In 1961 Ronald Reagan warned that ``Medicare will usher in Federal programs that will invade every area of freedom as we have known it in this country. If you don't speak out against Medicare, one of these days you and I are going to spend our sunset years telling our children and our children's children what

it was like in America when men were free.''

On and on it goes.

So the point to be made is not that the Affordable Care Act does not have its share of problems--it does--and not that it will take some work to implement it--it will--but what we have heard from Republicans in the past whenever a major government initiative was introduced was constant doomsday discussion about how the world would collapse.

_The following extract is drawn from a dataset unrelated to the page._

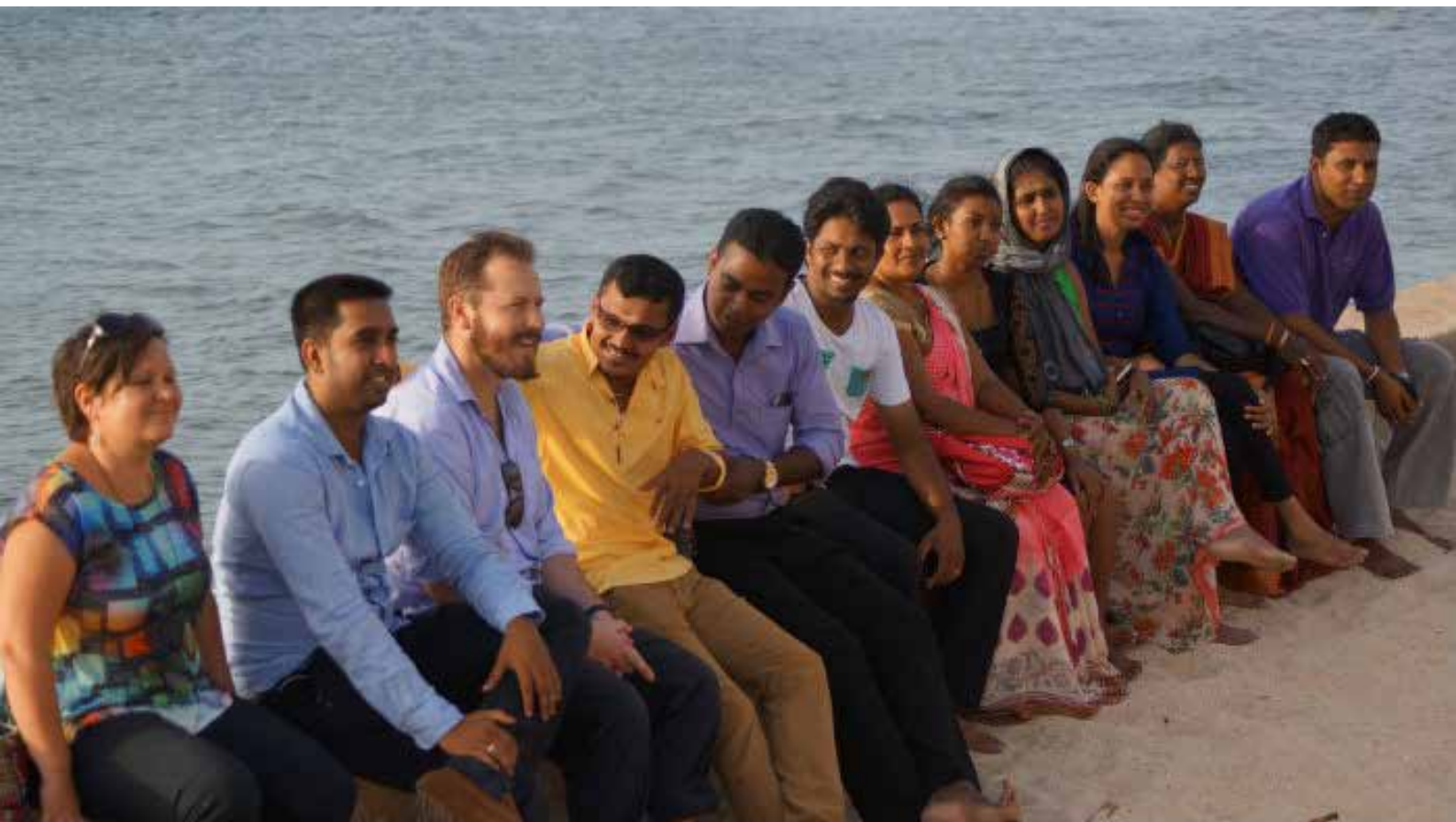
Sri Lankan vuoropuheluhankkeen osallistujia ja fasilitaattoreita

”Työpajat olivat silmiä avaava kokemus. Haluamme käyttää tätä perustuksena tulevaisuutta varten, sillä tuleamme varmasti tulevaisuudessa tapaamaan poliittisissa yhteyksissä ja tämä perusta auttaa meitä ratkaisemaan ongelmia paremmin kuin meitä edeltävä poliitikkojen sukupolvi. Kaikista tärkein oppi on ollut se, että on hyväksyttävää olla eri mieltä. Haluamme jatkaa vuoropuhelua, jotta voimme varmistaa kaikkien osapuolten sitoutumisen demokratiaan ja hyvään hallintoon.”

Let me conclude by getting back to my major point that, in fact, this debate really is not about the Affordable Care Act. We can argue about the Affordable Care Act. We can change the Affordable Care Act. All of that is certainly legitimate. What this debate is about is whether 20 or 30 extreme rightwing Members of the House of Representatives are able to hold our entire government hostage. Hundreds of thousands of Federal workers, many of whom are trying to bring up their families, are going to lose their paychecks, lose their jobs. People who are going to be applying for Social Security, for Medicare, for veterans benefits will have that process significantly slowed down. Depending on how long the shutdown continues, if it takes place--and I certainly hope it doesn't--it will mean that Head Start centers will be closing and other important programs will not be available to the people who need them.

Once again, this is not a discussion about the Affordable Care Act. What this is about is whether a small number of Members of the House are able to use their position to blackmail the American people and the President and the Senate and say: If you do not do what we could not accomplish--what they could not accomplish legislatively--we are going do render terrible harm to our country.

Furthermore, as bad as the government shutdown may be--and I certainly hope it does not take place--what we are looking at in 2 weeks is something that may be even worse. If some get their way, for the first time in the history of the United States of America, we, the largest economy on Earth, may not pay our bills. That will certainly cause a huge eruption not only in our country but throughout the world in terms of markets, rising interest rates, and all kinds of terrible things.

Once again, their understanding of government is, well, I guess it is too bad we lost the election for the White House, we lost seats in this Senate, and we lost seats in the House. That is too bad, but we are still going to do what we want to do regardless of what the election was about.

We cannot allow that to happen because if we do, it is not going to stop now. It will continue and continue.

So my hope is that Speaker Boehner will do something he should do. He is not the Speaker of the Republican Party; he is the Speaker of the U.S. House of Representatives. I suspect very strongly that if he put the bill that we passed on the floor of the House, he would have virtually all Democrats and a number of Republicans voting for it, and a majority would say: We are not going to shut down the U.S. Government.

So my request to Speaker Boehner is let the people in his body--all of the people, not just Republicans--vote on what we passed here. If he does that, I suspect we will not see a government shutdown and we will have some common sense over there.

Madam President, I yield the floor, and I suggest the absence of a quorum.